In September 1981, Sting made his first-ever solo live performance performing on all four nights of the fourth Amnesty International benefit The Secret Policeman's Other Ball at the invitation of producer Martin Lewis. He perfomed solo versions of "Roxanne" and "Message in a Bottle" He also led an all-star band (dubbed "The Secret Police") on his own arrangement of Bob Dylan's "I Shall Be Released". The band included Eric Clapton, Jeff Beck, Phil Collins and Bob Geldof all of whom (except Beck) later worked together on "Live Aid". His performances were prominently featured in the album and movie of the show and drew major critical attention for Sting. Sting's participation in The Secret Policeman's Other Ball was the beginning of his growing involvement in raising money and consciousness for political and social causes.

In 1982 he released a solo single, "Spread A Little Happiness" from the Dennis Potter television play Brimstone and Treacle. The song was a re-interpretation of a song from the 1920s musical Mr Cinders by Vivian Ellis, and was a surprise top twenty hit.
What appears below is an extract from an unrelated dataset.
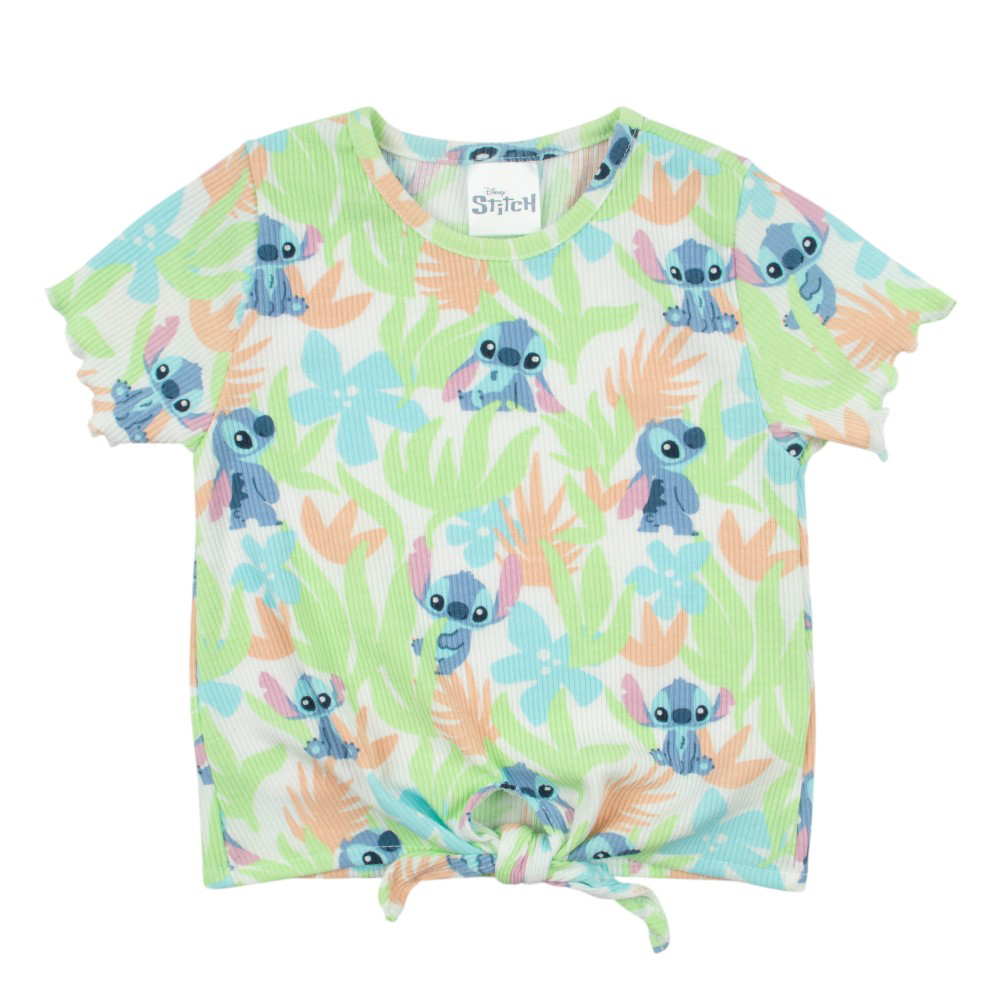 Playera: Cuello redondo, manga corta con olanes, amarre en ruedo, full print Stitch y hojas.

1985's The Dream of the Blue Turtles, featuring a star-studded cast of jazz musicians, was Sting's first solo album. It included the hit single "If You Love Somebody Set Them Free". Within a year, it reached Triple Platinum. He also sang the introduction and chorus to "Money for Nothing", a groundbreaking song by Dire Straits. Sting released Nothing Like the Sun (1987), including the hit songs "We'll Be Together" and "Be Still My Beating Heart", dedicated to his recently deceased mother. It eventually went Double Platinum and was recognized as one of the most important rock & roll albums of the 1980s. Soon thereafter, in February of 1988, he released Nada Como el Sol — a selection of five songs from Nothing Like the Sun sung (by Sting himself) in Spanish and Portuguese.

Throughout the 1980s, Sting strongly supported environmentalism and humanitarian movements, such as Amnesty International. With long-time girlfriend Trudie Styler and Raoni Metuktire, a Kayapó Indian leader in Brazil, he founded the Rainforest Foundation to help save the rainforests. His support for these causes continues to this day.
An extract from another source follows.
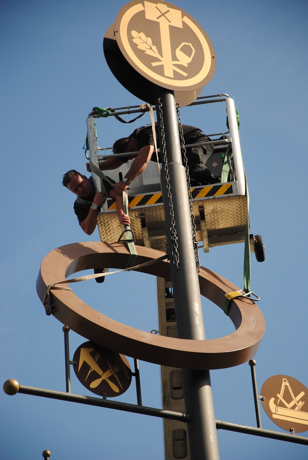 Die Mayener Hämmerzunft, ein Zusammenschluss von in Mayen ansässigen Handwerkern und Handwerksbetrieben, war es, die den Zunftbaum 2001 initiiert und aufgestellt hatte. Auch die Pflege und Renovierung wird seither durch ehrenamtliche Helfer der Hämmerzunft gewährleistet. Jetzt haben Mitglieder der Hämmerzunft dafür gesorgt, dass ein neuer Kranz - diesesmal aus Stahl - angefertigt werden konnte, damit der Zunftbaum wieder in altem Glanz erstrahlen kann. Auch Bürgermeister Rolf Schumacher war beeindruckt, wie die beteiligten Akteure, den Kranz justierten und nach und nach mit Ketten befestigten. Er bedankte sich bei allen Beteiligten der Aktion vor Ort. "Der Zunftbaum vor dem Neuen Rathaus in Mayen ist inzwischen sowohl für Touristen, als auch für die Bürger eine Mayener Sehenswürdigkeit geworden. Umso mehr ist das ehrenamtliche Engagement der Mayener Hämmerzunft für den Zunftbaum zu bewerten", so Bürgermeister Schumacher. Foto: Stadt Mayen www.mayenzeit.de

His most high-profile contribution to the human rights cause came in 1988, when he joined a team of major musicians and rising stars — including Peter Gabriel and Bruce Springsteen — assembled under the banner of Amnesty International for the 6-week world Human Rights Now! Tour celebrating the 40th anniversary of the signing of the Universal Declaration of Human Rights.
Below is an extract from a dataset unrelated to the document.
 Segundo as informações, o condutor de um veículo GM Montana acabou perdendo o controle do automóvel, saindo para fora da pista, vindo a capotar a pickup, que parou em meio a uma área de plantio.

Sting's 1991 album The Soul Cages was dedicated to his recently deceased father and included the top 10 song "All this Time" and the Grammy winning "Soul Cages". The album eventually went Platinum. The following year, he married Trudie Styler and was awarded an honorary doctorate degree in music from Northumbria University. In 1993, he released the album Ten Summoner's Tales, which went Triple Platinum in just over a year. The hit single "Fields of Gold" has since become a "standard", and very well known via versions by Eva Cassidy and Verity Keays.

In May 1993, he released a remix of the classic Police song from the Ghost In The Machine album, "Demolition Man" for the Demolition Man film, starring Sylvester Stallone, Wesley Snipes, Sandra Bullock and Benjamin Bratt.

Sting reached a pinnacle of success in 1994. Together with Bryan Adams and Rod Stewart, they performed the chart-topping song "All For Love" from the film The Three Musketeers. The song stayed at the top of the U.S. charts for five weeks and went Platinum; it is to date Sting's only song from his post-Police career to top the U.S. charts. In February, he won two more Grammy Awards and was nominated for three more. The Berklee College of Music gave him his second honorary doctorate of music degree in May. Finally in November, he released a greatest hits compilation called Fields of Gold: The Best of Sting, which was eventually certified Double Platinum.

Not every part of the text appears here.